▶ EXERCISE OBJECTIVE:
In the records below, repeat word for word only the lines starting at the one that contains "RANDUBLATUNG, PERHUTANI (14/11/2023)" and ending at the one that contains "注册资本和投资方信息页签需维", pictures excluded.

▶ DATA EXTRACTS:
((
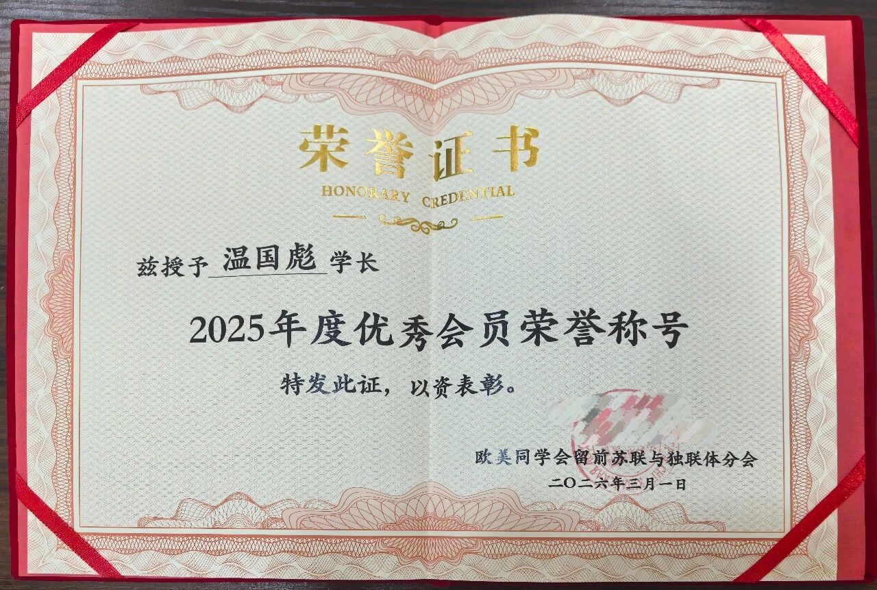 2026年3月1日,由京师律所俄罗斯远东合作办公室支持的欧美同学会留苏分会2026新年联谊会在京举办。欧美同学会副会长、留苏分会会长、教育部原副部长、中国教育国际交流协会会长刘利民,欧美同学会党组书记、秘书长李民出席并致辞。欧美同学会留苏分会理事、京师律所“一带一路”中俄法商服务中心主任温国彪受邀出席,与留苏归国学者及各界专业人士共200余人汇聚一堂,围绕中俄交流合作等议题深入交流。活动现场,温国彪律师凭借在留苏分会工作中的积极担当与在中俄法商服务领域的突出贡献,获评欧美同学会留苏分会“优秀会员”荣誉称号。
))
((
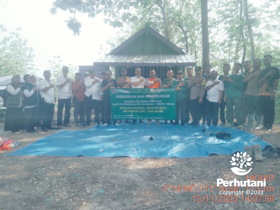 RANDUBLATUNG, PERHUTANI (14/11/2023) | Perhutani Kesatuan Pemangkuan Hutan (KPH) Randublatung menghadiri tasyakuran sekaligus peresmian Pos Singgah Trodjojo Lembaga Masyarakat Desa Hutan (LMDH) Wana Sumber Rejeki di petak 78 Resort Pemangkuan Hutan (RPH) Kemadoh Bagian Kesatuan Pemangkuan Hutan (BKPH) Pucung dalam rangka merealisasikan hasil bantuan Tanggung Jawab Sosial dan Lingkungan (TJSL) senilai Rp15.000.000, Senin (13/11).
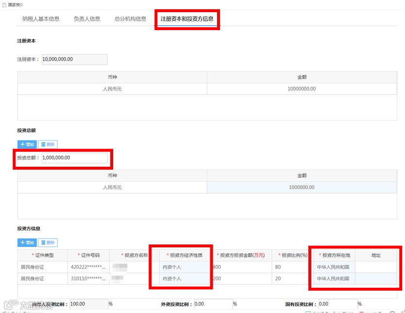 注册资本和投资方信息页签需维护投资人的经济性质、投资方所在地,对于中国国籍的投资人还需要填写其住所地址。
))
▶ SOLUTION FOR THIS EXERCISE:
 RANDUBLATUNG, PERHUTANI (14/11/2023) | Perhutani Kesatuan Pemangkuan Hutan (KPH) Randublatung menghadiri tasyakuran sekaligus peresmian Pos Singgah Trodjojo Lembaga Masyarakat Desa Hutan (LMDH) Wana Sumber Rejeki di petak 78 Resort Pemangkuan Hutan (RPH) Kemadoh Bagian Kesatuan Pemangkuan Hutan (BKPH) Pucung dalam rangka merealisasikan hasil bantuan Tanggung Jawab Sosial dan Lingkungan (TJSL) senilai Rp15.000.000, Senin (13/11).
 注册资本和投资方信息页签需维护投资人的经济性质、投资方所在地,对于中国国籍的投资人还需要填写其住所地址。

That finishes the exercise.